Set to `True` when debugging. `csv` ﬁles will not be exported when `debug_no_csvexport = True`

In [3]:
debug_no_csvexport = False

## Process JSON file containing common mappings and strings

In [4]:
with open(data_pth / 'common_mappings.json') as f:
    common_mappings = json.load(f)

In [5]:
DatasetCode = common_mappings['datasetcode']
cruises = common_mappings['cruises']
stations = common_mappings['stations']
net_tow = common_mappings['net_tow']

iso8601_format = common_mappings['iso8601_format']
CRS = common_mappings['CRS']

## Pre-process data from csv for Event table

### Read the pre-processed csv file

`usecols` defines the columns that will be kept and the order in which they'll be organized

In [6]:
# From the Hood Canal dataset
# usecols = [
#     'sample_code', 'mesh_size', 'FWC_DS', 
#     'station', 'latitude', 'longitude', 
#     'date', 'time_start', 'time', 'day_night', 
#     'depth_min', 'depth_max',
#     'net_code', 'extra_sample_token'
# ]

usecols = [
    'Sample Code', 
    'Station', 'Latitude', 'Longitude', 'Site Name', 'Basin',
    'Sample Date', 'Sample Time', 'Day_Night', 'time',
    'Min Tow Depth (m)', 'Max Tow Depth (m)', 'Station Depth (m)',
    'Mesh Size', 'Tow Type', 
]

# eventsource_df = read_and_parse_sourcedata(test_n_rows=1000)[usecols]
eventsource_df = read_and_parse_sourcedata()[usecols]
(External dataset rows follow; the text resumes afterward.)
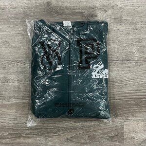 This item is a Victoria's Secret PINK Ivy Fleece Campus Full-Zip Hoodie in Deep Forest Aspen in Large (L). It is brand new and includes the original tags.
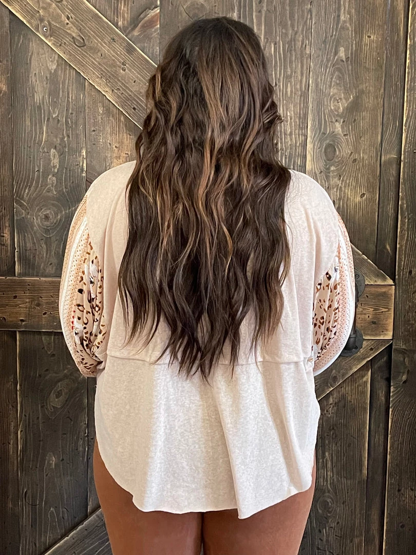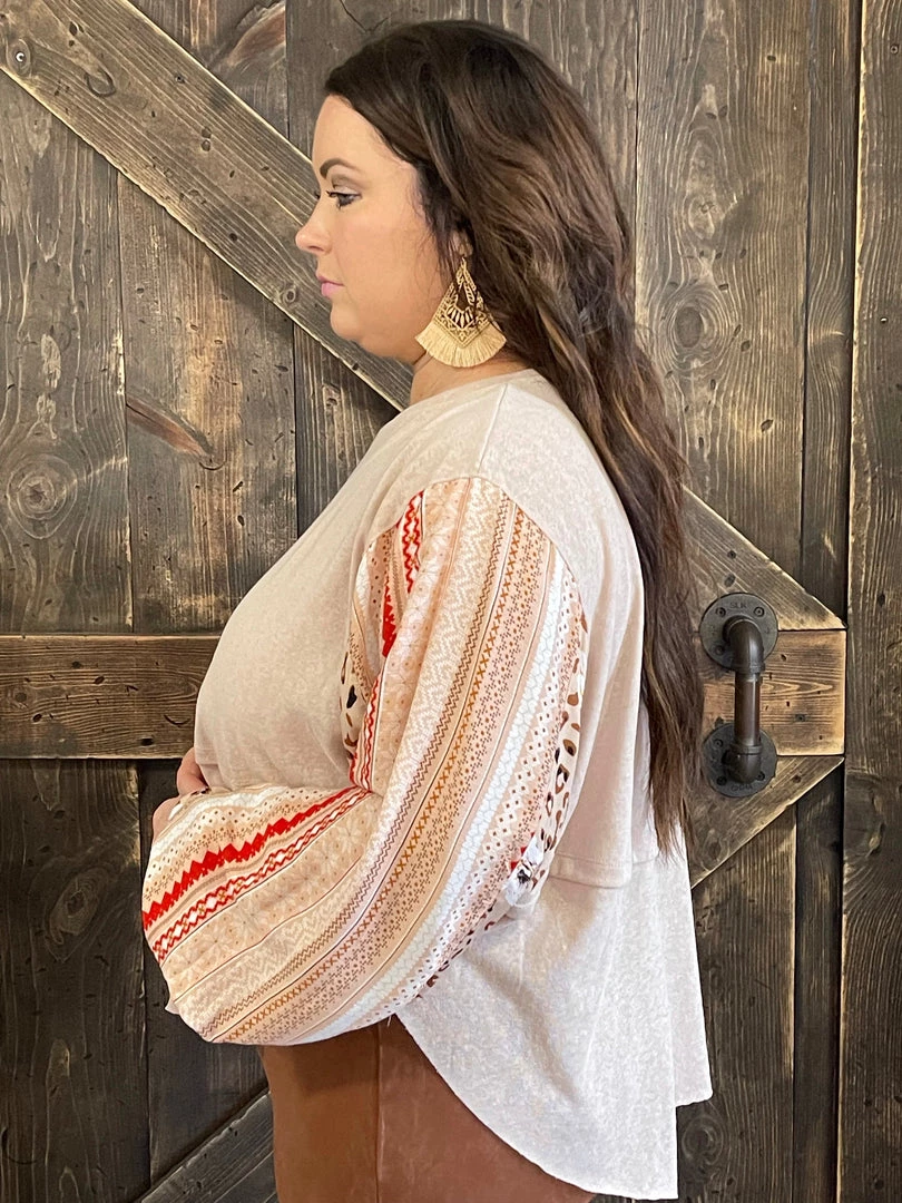 Easel Mixed Print Bubble Sleeve Tunic Top
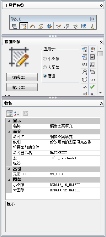在开始自定义功能区选项卡和面板、快速访问工具栏和其他用户界面元素之前,您应当熟悉自定义用户界面 (CUI) 编辑器(可以使用 CUI 命令打开它)。“自定义”选项卡在默认情况下显示并分为三个窗格:“...中的自定义设置”、“命令列表”和“动态显示”窗格。
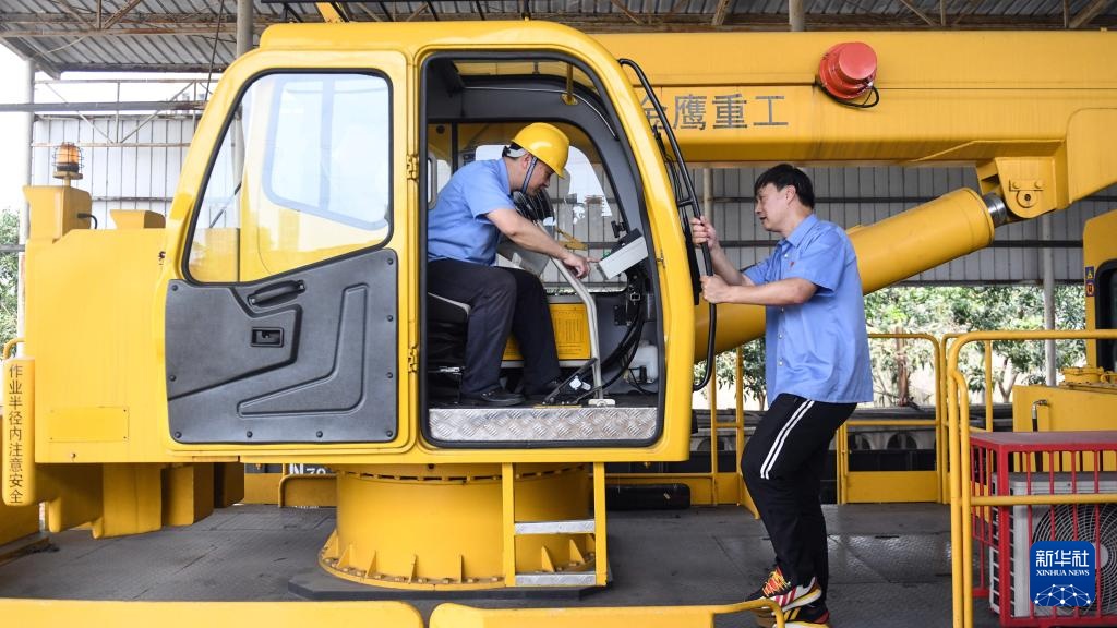 彭春林(左)在柳州動(dòng)力設(shè)備車間檢查接觸網(wǎng)作業(yè)車防傾覆裝置使用情況(4月25日攝)。新華社記者 張愛林 攝

# TODO: Rename more columns, if needed
eventsource_df.rename(
    columns={
        'Sample Code':'sample_code',
        'Station':'station',
        'Latitude':'latitude',
        'Longitude':'longitude',
        'Min Tow Depth (m)':'depth_min', 
        'Max Tow Depth (m)':'depth_max', 
        'Mesh Size': 'mesh_size',
    },
    inplace=True
)

In [7]:
len(eventsource_df)

153825

In [8]:
eventsource_df.head()

Unnamed: 0,sample_code,station,latitude,longitude,Site Name,Basin,Sample Date,Sample Time,Day_Night,time,depth_min,depth_max,Station Depth (m),mesh_size,Tow Type
0,010218ELIV1151,ELIV,48.63795,-122.5694,Eliza Island,Bellingham Bay,2018-01-02 00:00:00,11:51:00,D,2018-01-02 11:51:00-07:00,0.0,110.0,120.7,200,Vertical
1,010218ELIV1151,ELIV,48.63795,-122.5694,Eliza Island,Bellingham Bay,2018-01-02 00:00:00,11:51:00,D,2018-01-02 11:51:00-07:00,0.0,110.0,120.7,200,Vertical
2,010218ELIV1151,ELIV,48.63795,-122.5694,Eliza Island,Bellingham Bay,2018-01-02 00:00:00,11:51:00,D,2018-01-02 11:51:00-07:00,0.0,110.0,120.7,200,Vertical
3,010218ELIV1151,ELIV,48.63795,-122.5694,Eliza Island,Bellingham Bay,2018-01-02 00:00:00,11:51:00,D,2018-01-02 11:51:00-07:00,0.0,110.0,120.7,200,Vertical
4,010218ELIV1151,ELIV,48.63795,-122.5694,Eliza Island,Bellingham Bay,2018-01-02 00:00:00,11:51:00,D,2018-01-02 11:51:00-07:00,0.0,110.0,120.7,200,Vertical


### Remove duplicates

Will return only unique samples, where one row = one sample.

In [9]:
eventsource_df = eventsource_df.drop_duplicates().sort_values(by='sample_code').reset_index(drop=True)

In [10]:
len(eventsource_df)

3567

### sample_code extra characters (extra sub-code -- see Amanda's explanation)

In [11]:
len(eventsource_df['sample_code'].unique())

3567

Note: Most sample codes in the 1000-record sample are 17 characters long, but a small subset is only 16 characters. Investigate

In [12]:
eventsource_df['sample_code'].str.len().value_counts()

14    1384
17     922
15     860
16     397
12       2
13       2
Name: sample_code, dtype: int64

## TODO: REMOVED CRUISE EVENT HANDLING

**REFER TO THE HOOD CANAL DATASET NOTEBOOK TO ADAPT THE CRUISE CODE THAT AGGREGATES STATIONS, IF NEEDED**

Use 'Sampling Group' as the grouping attribute, analogous to cruises. Set up a dictionary in `common_mappings.json` matching up the 'Sampling Group' strings to fleshed out descriptions and anything else that might be relevant.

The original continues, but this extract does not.